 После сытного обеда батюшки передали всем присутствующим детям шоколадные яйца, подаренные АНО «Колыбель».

▬▬▬▬▬▬

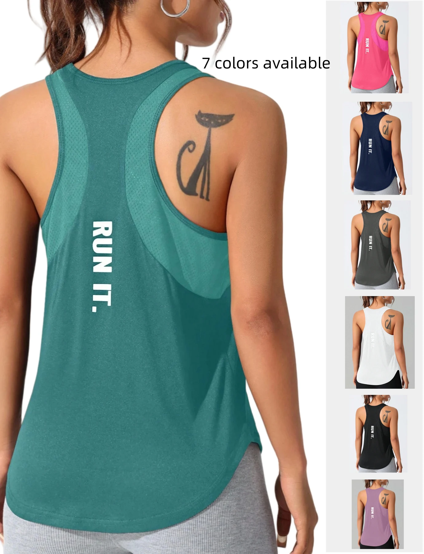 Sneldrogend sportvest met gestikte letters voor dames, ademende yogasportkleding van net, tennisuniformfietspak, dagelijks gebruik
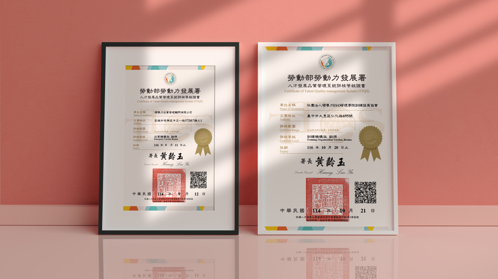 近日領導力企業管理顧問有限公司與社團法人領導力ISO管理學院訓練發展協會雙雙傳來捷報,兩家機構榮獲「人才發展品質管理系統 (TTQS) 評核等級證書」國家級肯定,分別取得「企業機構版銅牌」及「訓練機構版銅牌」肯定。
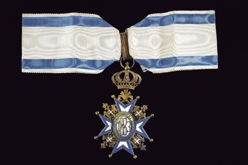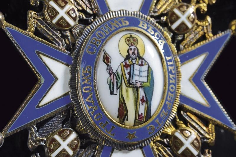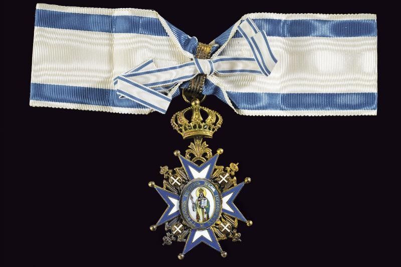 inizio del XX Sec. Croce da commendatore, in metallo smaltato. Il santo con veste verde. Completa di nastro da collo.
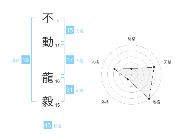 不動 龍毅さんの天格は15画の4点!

▬▬▬▬▬▬

**TASK DETAILS**
Everything from the line with "inizio del XX" down to the line with "不動 龍毅さんの天格は15画の4点!" in the data above should be copied exactly, with both end lines kept and the pictures left out.

**OUTPUT FOR THIS EXERCISE**
 inizio del XX Sec. Croce da commendatore, in metallo smaltato. Il santo con veste verde. Completa di nastro da collo.
 不動 龍毅さんの天格は15画の4点!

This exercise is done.